The vision is for the Campus and its neighbours to forge an alliance and form a key research and education environment.

As well as the College (A) , phase one of the Campus project includes a four-star hotel (B), student accommodation blocks (C), offices and research space (D). Designs are currently being finalised and the likelihood is that steel will play a role in most of these schemes when they get started later this year.

Two further phases are planned: phase two (2) will include leisure and sport facilities, and more office blocks, while phase three (3) will be residential.

Throughout the scheme, positive measures will be taken to be sympathetic towards the natural environment. “The Campus will have parkland, recreational space for people working and studying on-site as well as for the wider local community,” says Ian Thorburn of the Highlands and Islands Enterprise. “Public art features will further develop the high quality landscape for all to enjoy.”

Bridge to the Campus

InvenessBridgeMar14Linking the Campus with Inverness city centre is an 84m long single span steel pedestrian and cycle bridge that crosses the A9.

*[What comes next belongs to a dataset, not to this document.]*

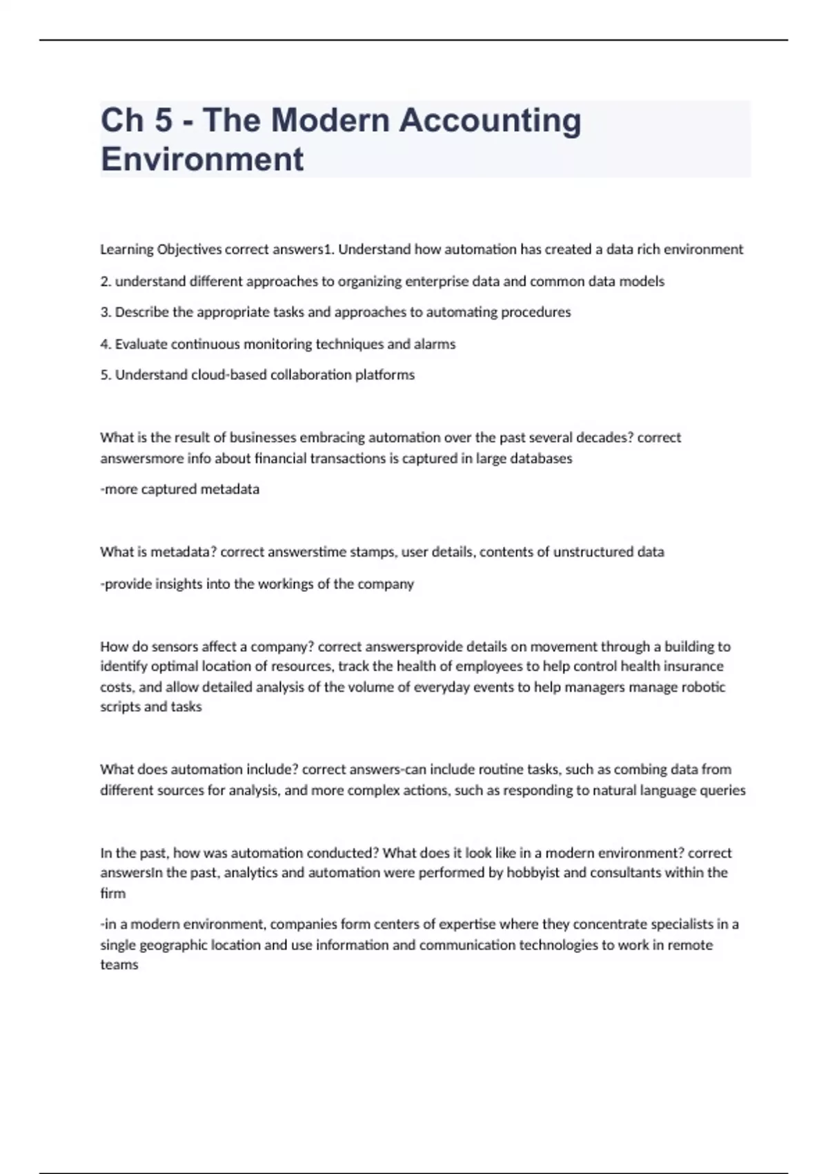 Learning Objectives correct answers1. Understand how automation has created a data rich environment 2. understand different approaches to organizing enterprise data and common data models 3. Describe the appropriate tasks and approaches to automating procedures 4. Evaluate continuous monitoring techniques and alarms 5. Understand cloud-based collaboration platforms What is the result of businesses embracing automation over the past several decades? correct answersmore info about financial transactions is captured in large databases -more captured metadata What is metadata? correct answerstime stamps, user details, contents of unstructured data -provide insights into the workings of the company How do sensors affect a company? correct answersprovide details on movement through a building to identify optimal location of resources, track the health of employees to help control health insurance costs, and allow detailed analysis of the volume of everyday events to help managers manage robotic scripts and tasks What does automation include? correct answers-can include routine tasks, such as combing data from different sources for analysis, and more complex actions, such as responding to natural language queries In the past, how was automation conducted? What does it look like in a modern environment? correct answersIn the past, analytics and automation were performed by hobbyist and consultants within the firm -in a modern environment, companies form centers of expertise where they concentrate specialists in a single geographic location and use information and communication technologies to work in remote teams

This important link was fabricated and assembled by Cleveland Bridge. It is 9m wide, weighs 290t and was brought to site as six main girders, two measuring 36m long and four 24m sections.

“We assembled the bridge on 2m high stillages on an adjacent site,” says Paul Walmsley, Cleveland Bridge Project Manager. “We welded the girders and crossbeams, as well as installed the metal deck.”

Once the bridge was assembled and clad, Morgan Sindall (the main contractor for the Campus infrastructure works) and heavy lift specialist Mammoet, installed the bridge during a weekend road closure. The bridge structure was jacked up and transported from its assembly yard to its permanent position by self propelled mobile transporters, and then lowered onto its permanent bearings.

The bridge will be officially opened this April.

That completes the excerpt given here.